◆ **EXERCISE PROMPT**:
The copy you give must match the lines from the top of the data through the line containing "Considerando essas informações" exactly, and it must hold no pictures.

━━━ RECORDS SHOWN ━━━

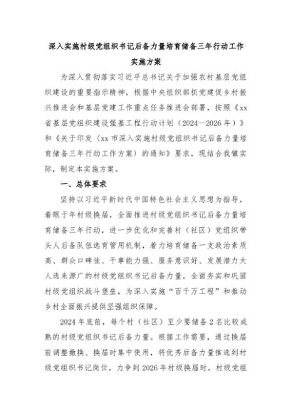 / 深入实施村级党组织书记后备力量培育储备三年行动工作实施方案
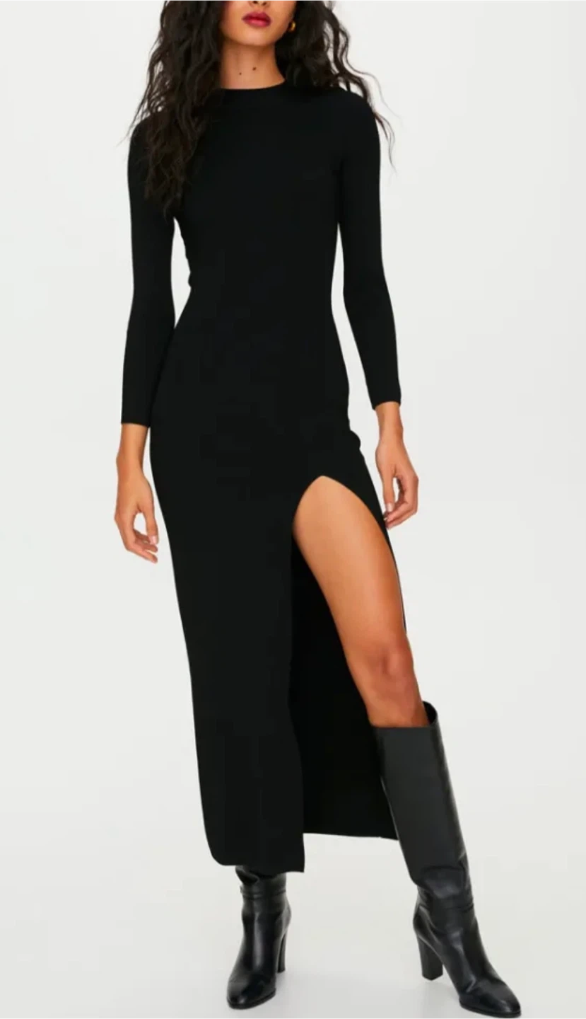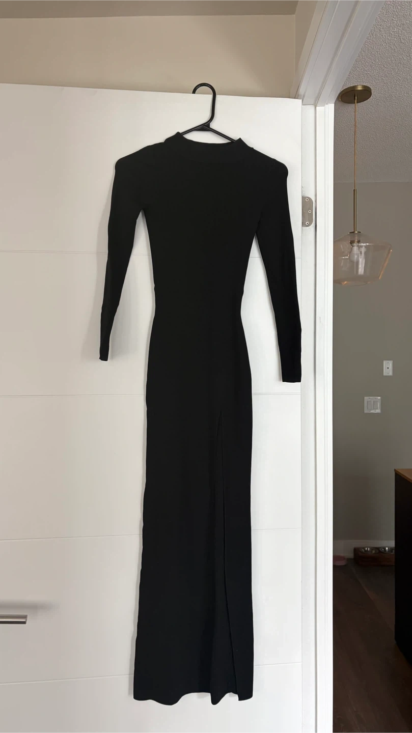 This Babaton black dress features long sleeves and a daring high slit. Worn once, in perfect condition
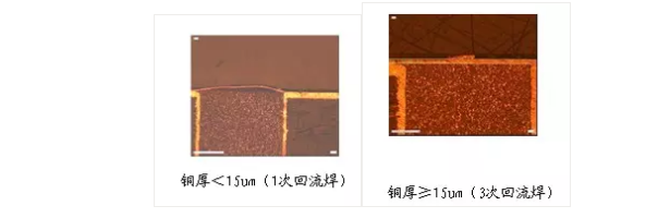 D、對(duì)于樹(shù)脂與銅分層的問(wèn)題,我們發(fā)現(xiàn)孔表面的銅厚厚度大于15um時(shí),此類樹(shù)脂與銅分層的問(wèn)題可以得到極大的改善。(如下圖)
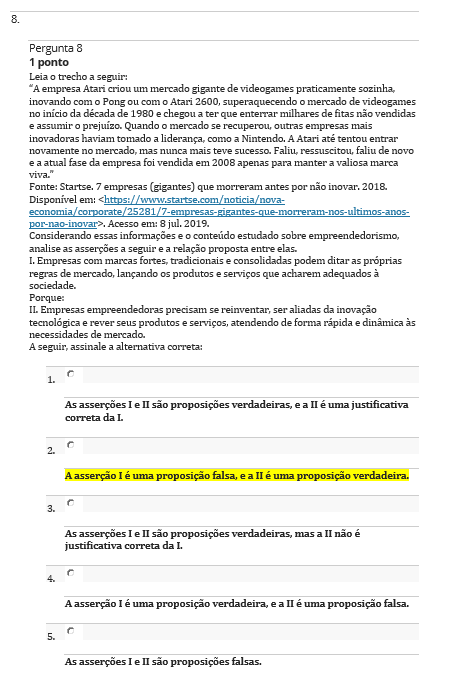 Considerando essas informações e o conteúdo estudado sobre analise as asserções a seguir e a relação proposta entre elas. I. Empresas com marcas tradicionais e consolidadas podem ditar as regras de mercado, lançando os produtos e serviços que acharem adequados à Porque: II. Empresas empreendedoras precisam se reinventar, ser aliadas da inovação tecnológica e rever seus produtos e serviços, atendendo de forma rápida e às necessidades de mercado. A seguir, assinale a alternativa o 1. As asserções I e II são proposições verdadeiras, e a II é uma justificativa correta da I. 2. A asserção I é uma proposição e a II é uma proposição 3. As asserções I e II são proposições verdadeiras, mas a II não é justificativa correta da 4. A asserção I é uma proposição verdadeira, e a II é uma proposição 5. As asserções I e II são proposições falsas.
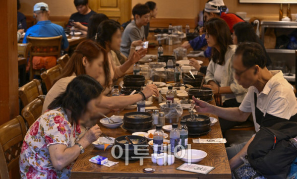 ▲본격적인 더위가 시작하는 초복을 앞두고 최근 폭염으로 폐사하는 닭 급증과 수급 불안까지 겹치며 삼계탕 한 그릇 가격이 2만원을 육박하고 있다. 통계청 국가통계포털(KOSIS)에 따르면 6월 삼계탕 품목의 소비자물가지수는 122.56으로 지난 2020년에 비해 약 22% 상승했다. 한국소비자원 가격정보포털 참가격은 5월 서울 지역 삼계탕 한 그릇 평균 가격을 1만7654원으로 전년대비 4.6% 올랐다고 밝혔다. 16일 서울 시내 한 삼계탕 전문식당에서 시민들이 식사를 하고 있다. 조현호 기자 hyunho@
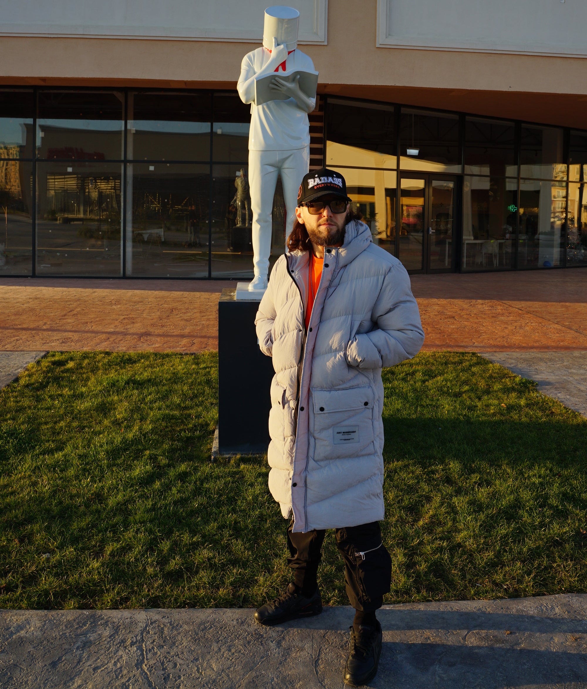 GEACA LUNGA UNISEX GRI CU GLUGA "BE YOURSELF"
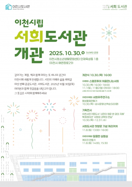 이천시 여섯 번째 공공도서관인 서희도서관 개관을 기념해 스탬프 투어, 체험행사, 기획 전시 등 다채로운 행사가 진행될 예정이며 시민들이 도서관과 더 가까워지는 특별한 경험이 될 것으로 기대된다.
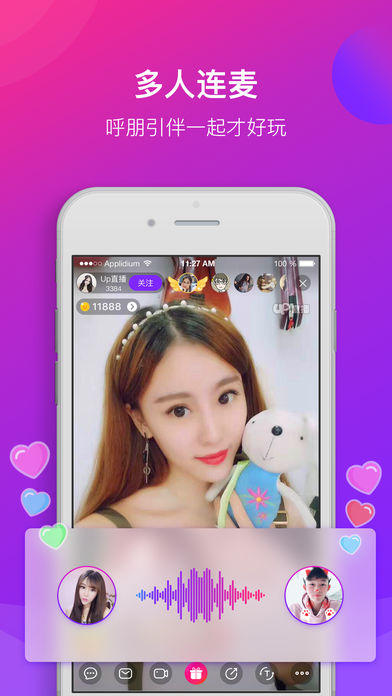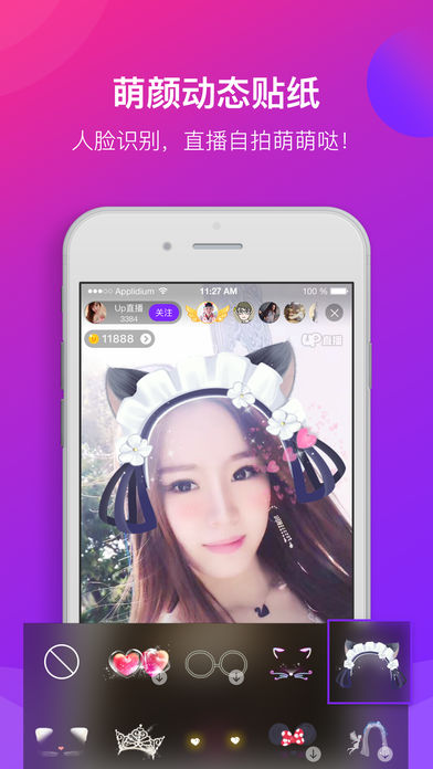 Up直播是一款真人视频社交直播平台,遇见同城的主播,明星和附近的TA! 【全新版本来袭!】 1、私信系统正式登陆Up直播,与好友无限畅聊 2、登录签到有惊喜,赶快来发现吧! Up直播-视频社交,想Up就Up! Up直播,2017流行全世界的手机视频直播社交平台,各地的网红和明星都在玩。 汇聚全球千万用户,邀约明星、超模、演员、素人主播超过10000余人。Up直播有映客的主播颜值,有超过花椒的动态精美礼物。实时与Ta互动逗乐,让人与人的距离不再遥远。 特色功能 【实时直播】你的精彩与美丽,我们为您实时直播; 【互动礼物】你分享精彩,我为你喝彩,城堡名车砸过来; 【智能美颜】全自动智能美颜,只为展示你最美好的一面; 【多人连麦】四人直播连麦,带上主播和两个小伙伴来High; 【短视频分享】分享最美一刻给你的朋友吧! 问题反馈请联系:微信服务号“Up小助手” 商务合作请邮件:upbd@asiainnovations.com UP官网:http://www.upliveapp.com/upweb/index.html 智能美颜由Faceu提供支持
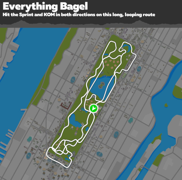 Everything Bagel is currently New York's big dog – it is the longest route with the most elevation gain, and you'll hit the KOM and sprint from both directions.

━━━

◆ **ANSWER TO THIS PROBLEM**:
 / 深入实施村级党组织书记后备力量培育储备三年行动工作实施方案
 This Babaton black dress features long sleeves and a daring high slit. Worn once, in perfect condition
 D、對(duì)于樹(shù)脂與銅分層的問(wèn)題,我們發(fā)現(xiàn)孔表面的銅厚厚度大于15um時(shí),此類樹(shù)脂與銅分層的問(wèn)題可以得到極大的改善。(如下圖)
 Considerando essas informações e o conteúdo estudado sobre analise as asserções a seguir e a relação proposta entre elas. I. Empresas com marcas tradicionais e consolidadas podem ditar as regras de mercado, lançando os produtos e serviços que acharem adequados à Porque: II. Empresas empreendedoras precisam se reinventar, ser aliadas da inovação tecnológica e rever seus produtos e serviços, atendendo de forma rápida e às necessidades de mercado. A seguir, assinale a alternativa o 1. As asserções I e II são proposições verdadeiras, e a II é uma justificativa correta da I. 2. A asserção I é uma proposição e a II é uma proposição 3. As asserções I e II são proposições verdadeiras, mas a II não é justificativa correta da 4. A asserção I é uma proposição verdadeira, e a II é uma proposição 5. As asserções I e II são proposições falsas.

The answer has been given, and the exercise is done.